An acid-base titration is a process of adding a substance with a known concentration (titrant) to a substance with an unknown concentration (analyte) to determine the concentration of that substance. It is considered specifically an acid-base titration because an acid-base reaction is occurring between the titrant and analyte.

## Acid-base Titration Theory

Before we dive into the experiment itself, let's do a recap of acid-base reactions. Acid-base titrations hinge on the fact that the pH of a solution changes when an acid and base are reacted together. When a base is added, the pH increases, the opposite is true for acids. When the pH of a solution is equal to 7, it is at the equivalence point, which is the point where the concentration of the acid is equal to the concentration of the base. The formula for this is:

M1V1 = M2V2

where, M1, is the molarity of solution 1, M2, is the molarity of solution 2, V1, is the volume of solution 1, and V2, is the volume of solution 2.

## Acid-Base Titration Example

Let's look at an example:

15.2 mL of 0.21 M Ba(OH)2 is required to reach the equivalence point with 23.6 mL of HCl, what is the concentration of HCl?

We start by writing out our balanced reaction:

$$Ba(OH)_{2\,(aq)} + 2HCl_{(aq)} \rightarrow BaCl_{2\,(aq)} + 2H_2O_{(l)}$$

Since HCl and Ba(OH)2 have a 2:1 ratio, we need to reflect that in our equation:

$$M_{HCl}V_{HCl}=2M_{Ba(OH)_2}V_{Ba(OH)_2}$$

Now we can plug in our values.
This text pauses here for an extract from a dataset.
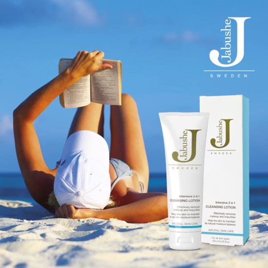 Både sol, svett, vindar och solskyddsfaktor gör att huden behöver hållas efter lite extra den här tiden på året. Lätt att huden får små plitor och utslag, så ta hand om den. En bra rengöring som ser till att tvätta rent din hud från krämer, svett, sand, SPF- krämer, makeup eller vad man nu för dagen kan tänkas ha i sitt ansikte är en bra investering. Effektivt men skonsamt tar Jabushes rengöring bort allt detta, dessutom är den för alla hudtyper (och åldrar). Så i sommar när jag har rest så har min rengöring från Jabushe gått runt till alla jag rest med då det  både är en renöring och aniktsvatten i en och samma produkt. Dessutom så tar den bort makeup, top- notch!

We don't need to convert from mL to L since both compounds are using the same units

$$M_{HCl}V_{HCl}=2M_{Ba(OH)_2}V_{Ba(OH)_2}$$

$$M_{HCl}(23.6\,mL)=2(0.21\,M)(15.2\,mL)$$

$$M_{HCl}=0.271\,M$$

Here is another way to solve this problem:

$$15.2\,mL*\frac{1\,L}{1000\,mL}*\frac{0.21\,mol}{L}=0.00319\,mol\,Ba(OH)_2$$

$$0.00319\,mol\,Ba(OH)_2*\frac{2\,mol\,HCl}{1\,mol\,Ba(OH)_2}=0.00638\,mol\,HCl$$

$$\frac{0.00638\,mol}{23.6\,mL*\frac{1\,L}{1000\,mL}}=0.270\,M\,HCl$$

You can use whichever works best for you, but both methods work just fine!
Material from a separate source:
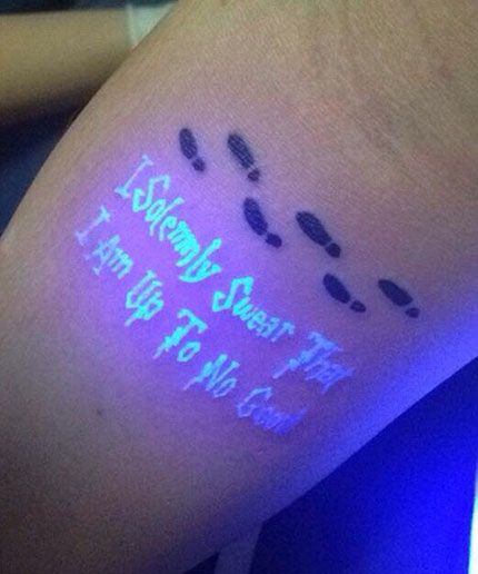 UV inks have been getting a lot of attention lately and even more so when this brilliant Harry Potter-themed ink was made viral. At first, it only appears to be a set of footprints akin to that found on the Marauders' Map (what Harry uses to get away from a lot of troubles) but when exposed to UV light, the words "I solemnly swear that I am up to no good" appears below.

Now that we know the basics, let's look at how we perform the titration.

## Acid-base Titration Procedure

Let's look at how we would perform an acid-base titration in the lab. For our first step, we need to pick our titrant. Since this is an acid-base reaction, if our analyte is an acid, the titrant has to be a base and vice-versa. We take our titrant and pour it into a buret (a long tube with a dropper at the bottom). The buret is clamped above a flask which will be filled with the analyte (make sure to note the volume of both the titrant and analyte). The next thing we need to do is add the indicator to the analyte solution.

An indicator is a weak acid or base that does not take place in the main acid-base reaction. When there is an excess of the titrant, it will react with the indicator, and it will change color. This color change indicates the endpoint of the acid-base reaction.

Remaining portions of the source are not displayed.